基于Map-Reduce 和Trie树的搜索需求识别研究

发布时间：2018-10-13 16:32

【摘要】：在数据量爆炸式增长的互联网时代,人们同时面临着机遇和挑战。一方面人们在不断地从大数据金矿中挖掘出有用的信息,另一方面又可能面对大量的Web冗余信息束手无策。而搜索引擎作为人们最常用的信息检索工具,在帮助人们从互联网中找到所需信息的同时,也承受着数据增长带来的极大负担。目前由于搜索引擎的索引数据正变得越来越庞大,其查询的工作量正变得日益繁重,同时,搜索引擎所查询到的绝大多数信息都是与用户需求无关的。

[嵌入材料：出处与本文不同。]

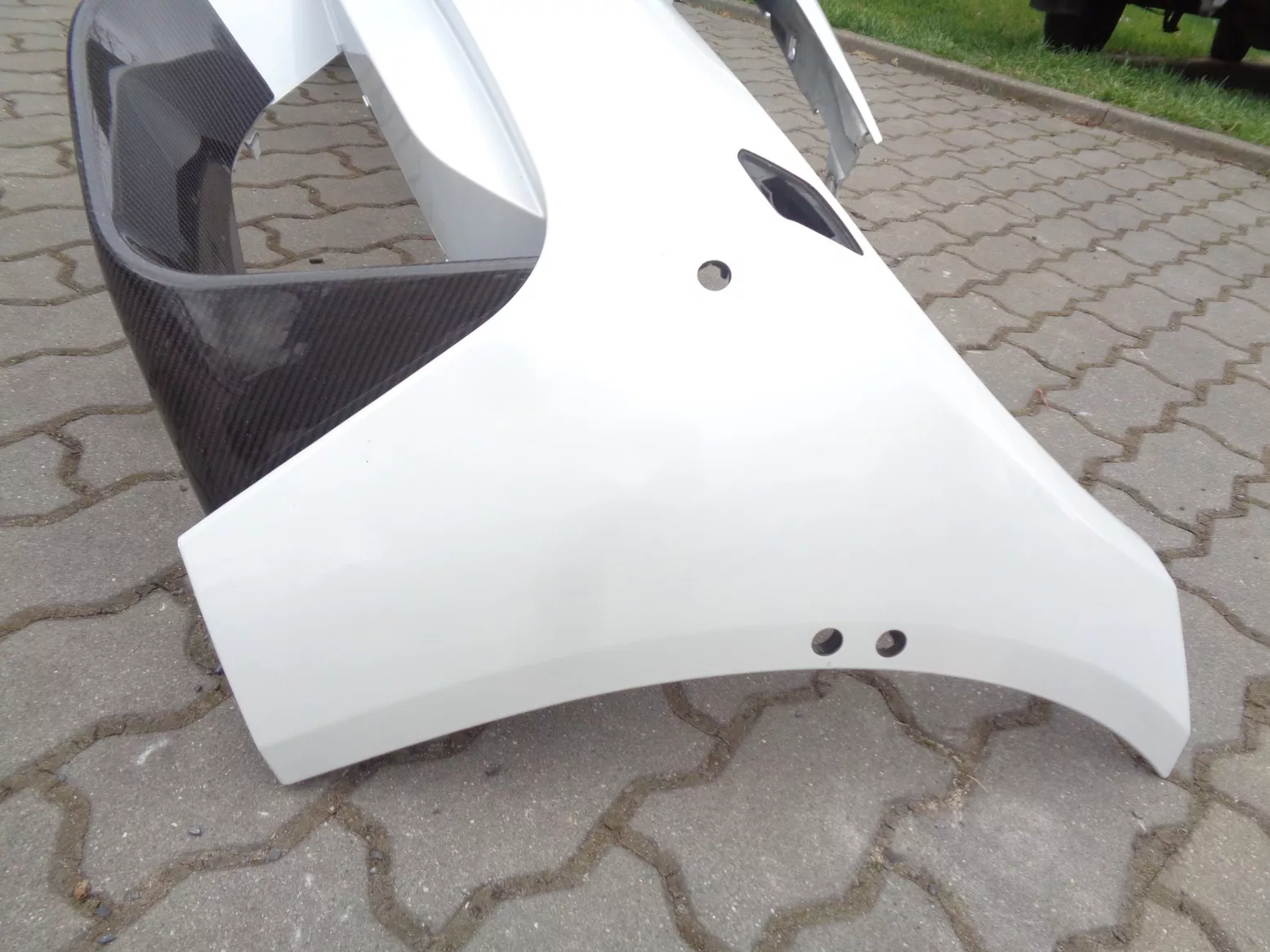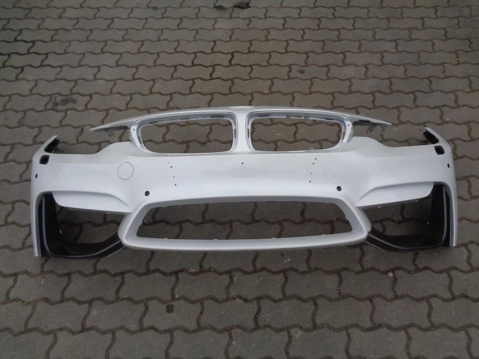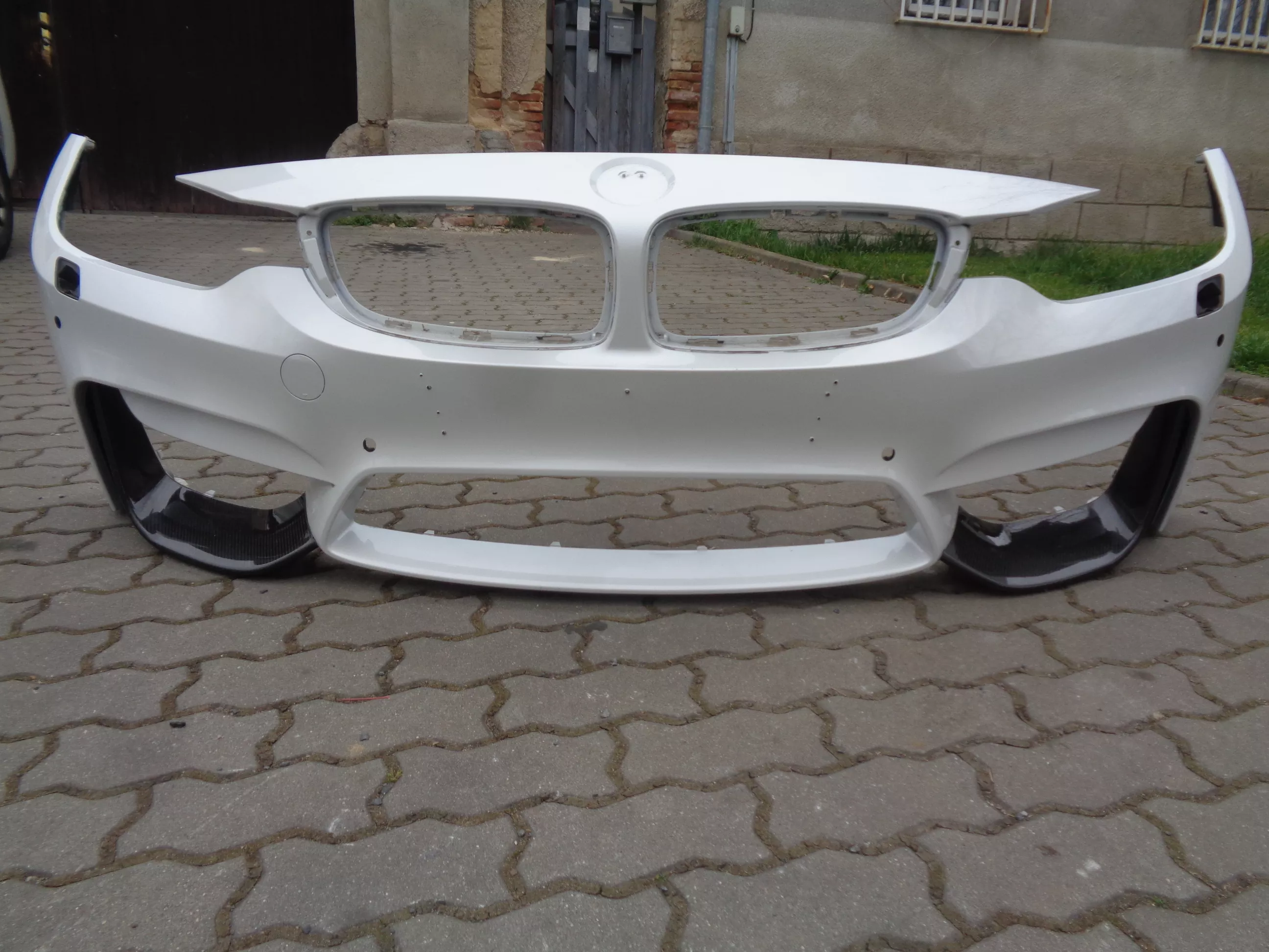 Originál přední nárazník na BMW M3 F80 a BMW M4 F82/83, otvory na ostřikovače, PDC, PMA a SVC, bílá metalíza - Mineralweiss, perfektní stav, jen oděrka laku na pravé spodní hraně. Cena včetně bočních karbonových nástavců (střední nemám).
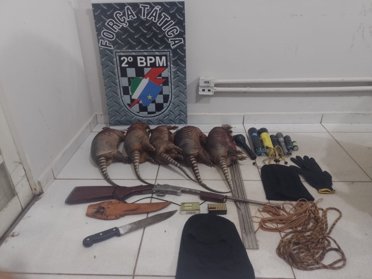 O passageiro do veículo ainda afirmou que uma espingarda calibre .22 e cinco tatus mortos estavam no interior do veículo, e que todos estavam ali para caçar, apontando uma bolsa onde estava a arma e sete munições do mesmo calibre, todas intactas, além de um saco onde estava os cinco tatus abatidos.

如果搜索引擎在发起搜索之前就能预测用户的搜索需求,就能为用户提供体验更好的搜索服务。通过搜索引擎对用户搜索需求进行实时分析,不仅能为用户提供更加个性化的搜索结果,同时也可以省略很多不必要的计算。于是搜索引擎的用户搜索需求成了国内外学者们重点研究的领域。要完成对用户需求的预判,必须对用户的搜索词进行识别,这种识别往往需要借助一些日志挖掘的手段。但是现在的搜索日志数据量都在TB级别,在单机上难以实现。本文针对大规模数据计算的特点,提出了构建需求识别模板的Paratemp策略。该策略借助Map-Reduce技术,通过对搜索日志的训练从分布式集群上挖掘出具有代表性的分类模板,从而得到能识别用户搜索需求的模式。同时本文借鉴关联规则挖掘中的置信度和支持度变量,提出了针对模板的筛选标准。通过筛选的模板可以作为分类搜索需求的支持依据。在成功提取用户搜索模板后,为了达到识别搜索需求的目的,需要一套高效的自然语言算法来对这些模板加以利用。本文设计了Tempaser识别算法,利用Trie树空间换时间的思想对搜索词进行解析,最终实现了搜索需求的识别。最后的实验证明了基于Map-Reduce和Trie树的搜索需求识别具有正确性和高效性。文章的结尾对本次研究进行了总结和展望。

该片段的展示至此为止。